The iodinated APN inhibitor [125I]RB 129 was synthesized (i) to determine the level of membrane‐bound APN in different brain regions after various pharmacological treatments [25, 26, 27, 28]; (ii) to perform a localization of the enzyme in the central nervous system and at the periphery of different species. The use of such an inhibitor for autoradiography has advantages over enzymatic assay which is very imprecise or immunological methods for which quantitation could be hampered by differences in the tertiary structure and epitope presentation of the enzyme in various tissues, as shown in the case of angiotensin converting enzyme [29, 30]. Furthermore, although the primary sequences of APN from different species are highly conserved [4, 31, 32, 33, 34], it cannot be excluded that the enzyme appears to be differentially glycosylated not only in different species but also in different tissues of the same species, as already observed for neprilysin, another zinc metallopeptidase (NEP) [35], which might affect its recognition. Moreover, the use of 125I needs only short exposure times to obtain autoradiograms, and due to its high specific activity offers the possibility of a precise visualization of the enzyme in various tissues. As a preliminary experiment, we have visualized APN in the rat intestine with [125I]RB 129 and found a distribution at the level of the brush border in good agreement with previous studies reporting immunolabeling of APN in intestinal membranes, where its physiological function appears to be the hydrolysis of dietary peptides [36, 37].

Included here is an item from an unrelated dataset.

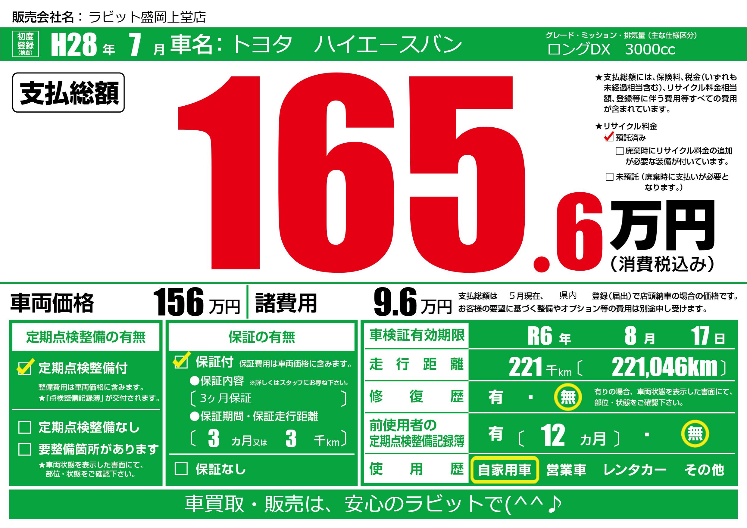 なし | 車検制限 | R6年8月17月 |
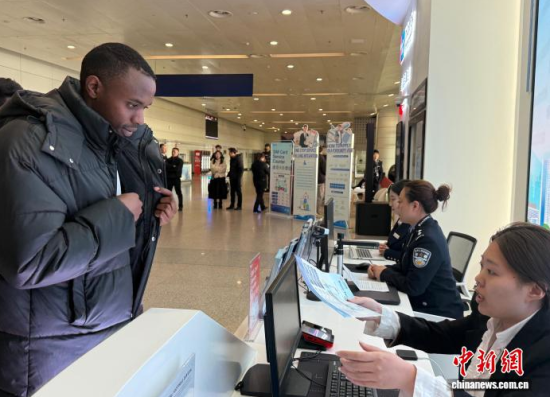 1月20日,吉林長春,外國留學生在長春龍嘉國際機場“吉便利”出入境一站式綜合服務窗口辦理相關業(yè)務!≈行律缬浾 張瑤 攝

In conclusion, the highly potent and selective APN inhibitor [125I]RB 129, is an excellent ligand for binding studies that could be easily automatized for a high throughput screening, and autoradiography, and could allow the direct detection of nanogram quantities of the enzyme from tissue extracts, as already shown with [125I]RB 104, a potent inhibitor of NEP [21, 22]. Furthermore, this radiolabeled compound could be modified to generate new dual inhibitors of NEP and APN, which both are involved in enkephalin degradation, offering the possibility to follow its bioavailability after different routes of administration, an important factor considering the potential clinical application of such molecules (review in [9]). In vivo displacement could also be performed to study the physiological modulation of enkephalin pathways by others neuromodulators.